Flight or Flight as Applied to Writing

…Unless there’s blood on the floor, of course. War, pestilence, murder, any kind of ordeal or violence, that’s what they respect. Blood means we were serious. ~Margaret Atwood, The Blind Assassin

Learning to write, for me, is inextricably entangled with learning to manage my mental state well enough to get words on a page. I think this is a not-uncommon problem.

I used to dream of being chased. No accident, there. I spent years running away inside my own head. I reviled myself for it, because while I was resigned to many of my less-than-positive qualities, I did not want to be a coward. If you have an affinity with predators, you must learn not to be prey, a friend once explained to me. You must, when you dream you are being chased, stop running, turn around, and fight. I knew that no matter how fast and how far you run, you can never run away from yourself. The obvious alternative was fighting. I applied this conclusion to being a writer.

You can just imagine. This is the fight or flight approach to writing. Either you’re running away from it and avoiding writing, or savagely driving yourself to the computer for the daily bloodletting of words. It’s a framework, all right. It is a very easy to framework to fall into, too, because writing is hard for all kinds of reasons: drafts look bad, time is scarce, blank pages are hauntingly empty, other people do it better… Writing, viewed from a certain angle, kicks you directly into a trigger-state, which is to say, a state where you feel you should respond in some survival-based way (run, freeze, or fight).

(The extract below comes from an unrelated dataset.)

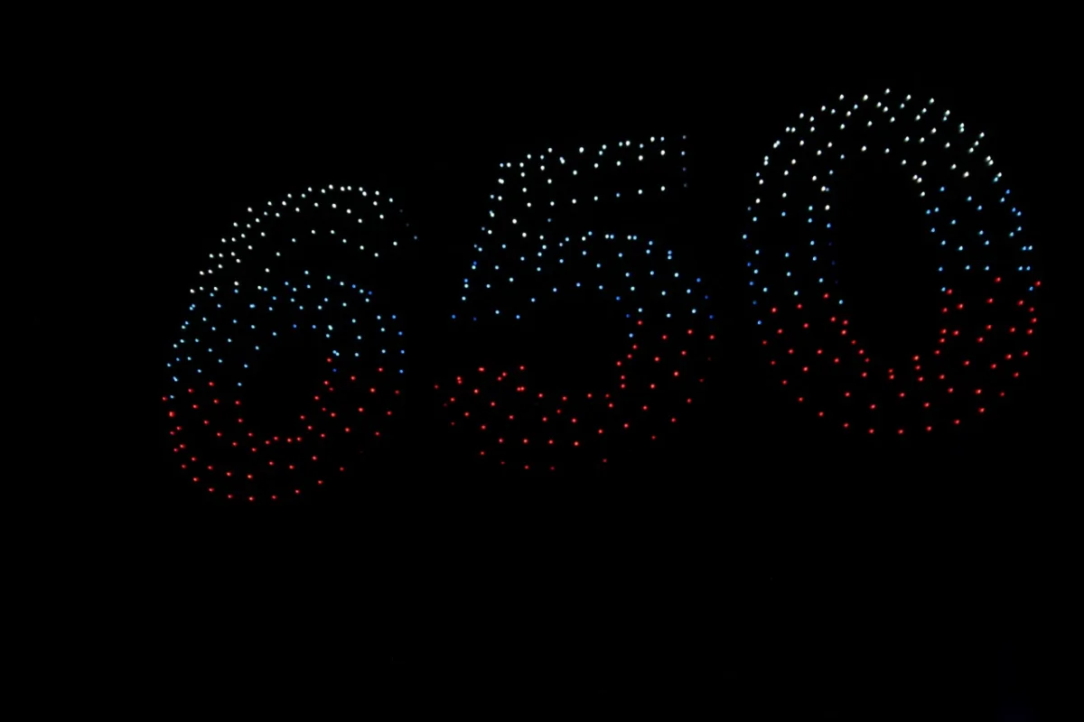 После концерта Полины Гагариной зрителям продемонстрировали светомузыкальное шоу перед и над главной сценой. А потом в воздух поднялась армия дронов.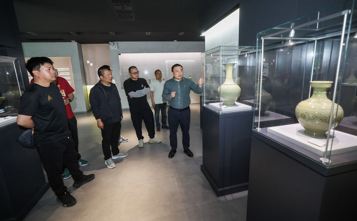 在浙江省慈溪市施山社区施家山公共文化空间的越窑青瓷施珍艺术馆内,文化特派员应周挺(右一)在给参观者介绍青瓷作品。

The fight-based approach felt like being a real writer. I was not cowering under my mountain of excuses: I sat in front of the computer shaking in frustration and terror, but I wrote. I felt peculiarly satisfied; I like to be good at things, and I was getting good at fighting. Every time I wrote, I felt like I was triumphing over myself.

Then, at Viable Paradise, I discovered that people liked my writing.

My whole edifice of ruthless battle cracked at its foundations in under five minutes and never recovered. The fighting dissolved into relieved crying. As it happens, trigger states are not actually that fun for me. They may seem fun, but it is the kind of fun that comes with feeling vulnerable and successfully defending myself rather than the kind of fun that comes from feeling confident and happy. “Yay! I’m not dead!” is not the same as “Yay! I’m having a good time!”

There is not actually much virtue in making a Greek tragedy out of sitting down to write. I am not saying that the drama was a conscious choice. It wasn’t. It was a trigger-state choice: I wanted to run. Therefore, I chose to fight, and I felt better fighting than running.

But here is a thing: No matter how viciously you fight, it doesn’t stop you from hurting. It doesn’t make you feel safe.

For me, the better choice is what I’ve been referring to as “sideways.” You see sideways things a lot with writer tricks. At Viable Paradise, Steven Brust explained how he’d worked a play on lines of Hamlet into every chapter of one book in order to move forward, which emphasizes cleverness (especially useful if you are Steven Brust) and reframes writing into a game. M. J. Locke talked about the feeding and care of your Beast, a kind of metaphor for your creative force / muse, which reframes writing into the process of taking care of yourself, and also creates a supportive sort of imaginary friendship with your writing.

Prior to Viable Paradise, I mostly ignored these sideways tricks because my framing wouldn’t permit them. It’s pretty simple: if you think you’re in a survival situation, and someone is suggesting tea and candlelight and maybe a hug to help you wind down, you will probably look at them, if not with hostility, then certainly with contempt. They don’t understand that you are serious.

My latest sideways trick has been, rather than encountering a blank screen and whimpering in terror, focusing on something related: a map for ten minutes here, a nonfiction book there, and then approaching writing again. Also coffee shops. Also talking to people. Whatever diffuses the “this is a confrontation that I am going to win” mindset.

Susan Palwick has explained that storytelling is the opposite of trauma. If this is so, then pushing myself to the point where I am triggered — where I am experiencing a sort of trauma — in order to write is counterproductive. Narrative is what happens when I am healing, not hurting.

7 thoughts on “Flight or Flight as Applied to Writing

  1. Excellent post. Sideways tricks are good, I know I have used some in the past but damn if I can think of them now…

  2. Beautiful blog post, Alex. After learning to walk again, it took me several years to appreciate how tea and candlelight could have any function on anything I wanted. It turns out, though, that if we’re to survive more than a week, we have to consider both predators and blood pressure.

    I hope I never contributed to VP being stressful for you. The times we got to chat were wonderful for me.

    1. A little balance in life: not actually a sign of doom and weakness.

      VP was the turning point for my stopping driving myself crazy with stress, not the cause of it. Indeed, the people I’ve met from VP have contributed to my figuring this stuff out. Easier to relax when you feel you belong somewhere.